Steve C
Platinum Member
Yep, a lot of doctors figure if you smoke, that's the cause of ALL your health problems, and if you don't smoke, then it's because you've overweight, and if you aren't overweight, then they have no idea what could be wrong.
Second hand smoke? Yeah, terrible stuff. My mother grew up with a father who chain smoked roll your own Prince Albert cigarettes, then married my dad who smoked all his life. I guess it was conditioning because she said she liked the smell of the smoke, tried a cigarette once in her life and liked it, but decided it wouldn't be worth the cost, so she never smoked. And she died in 2006 at the age of 85. No one else on either side of my family ever lived to be that old. And she did not have lung cancer.
Second hand smoke is terrible stuff. Everyone who smokes isn't going to die of lung cancer, only a small percentage of them are. Heart disease will probably get most of them first. This applies to those who smoke second hand also. By the time our generation gets old we have so much crap in our bodies that isn't by nature supposed to be there it is hard to point at one cause and say "ah ha" that is the stuff that made him sick!. We have inhaled smoke from trash fires containing every concievible plastic product ever made, perhaps our neighbors are burning treated wood scraps in their wood burners. In factories we have been exposed to all kinds of chemicals and airborne hrdrocarbons in solvents that we have inhaled and ingested in small quantities over the years. Much of the information linking exposure to toxic substances with disease wasn't discovered untill it was to late for many people. A good friend of mine has recently been diagnosed with a rare form of lukemiea that has been linked to Benzene.

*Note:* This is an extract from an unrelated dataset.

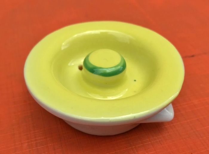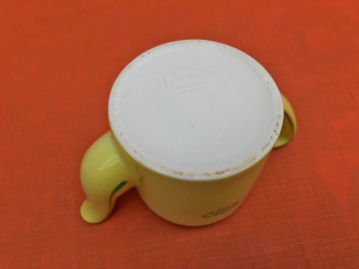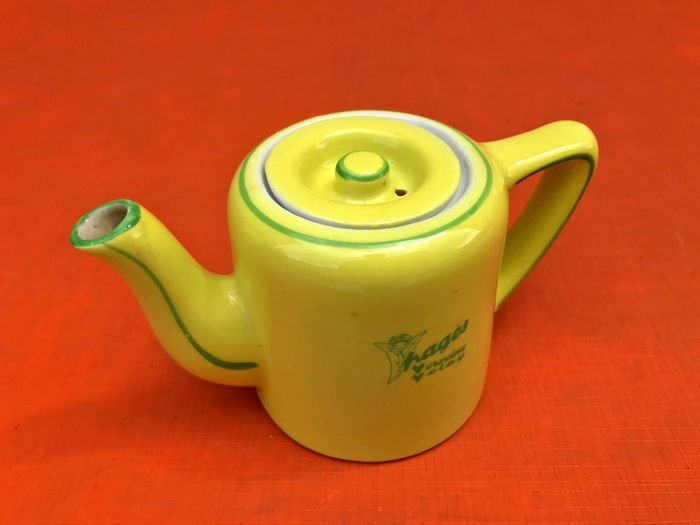 Théière publicitaire Thé Tetley Pagès Verveine Velay Céramique jaune liseré vert Contenance : 35cl Hauteur : 85mm Diamètre : 85mm Poids : 315grs

It isn't a nice way to die.
Years ago he worked at a refinery and was exposed to Benzene almost every day for several years, before anyone knew it was bad for you.
So did he develop the lukemiea from the exposure at the plant? It is impossible to say, but "the Department of Health and Human Services has determined that benzene causes cancer in humans. Long-term exposure to Benzene in the air can cause leukemia, cancer of the blood-forming organs."
The chemical industry no longer permits its workers to be exposed to Benzene at the work place.
Knowing this would you expose yourself to Benzene every day of your life if you could easily avoid it?
I sure wouldn't. The risk is very small, everybody who is exposed isn't going to die from it, only a small percentage will. Am I in that percentage? I dunno! If there is no benifit to me being exposed (for instance It isn't involved in my earning a living and supporting a wife and kids, no one is paying me to do it) why would I choose to breathe Benzene?
The same Center for disease control also says this about Benzene.
A major source of benzene exposure is tobacco smoke.
I choose to limit my exposure to things that have been proven to be harmfull to people. I avoid stepping in front of moving vehicles and I avoid injesting or breathing substances that have been proven to have the capacity to cause slow agonizing death.
A friend and co-worker of mine, Fred Corenet of Pittsford Michigan died a couple years ago at a very young age with lung cancer. It took him a very long time to die. He left a wife and 3 kids. Did he smoke? Yes. He also worked in a manufacturing environment where he was exposed to many solvents over the years. He also lived his entire life in an area that has a high Radon gas concentration. Did he spend a lot of time as a kid playing in the basement in our long Michigan winters just soaking up Radon? I don't know. The only thing I know for sure is that it makes good sense to learn from our past experiences.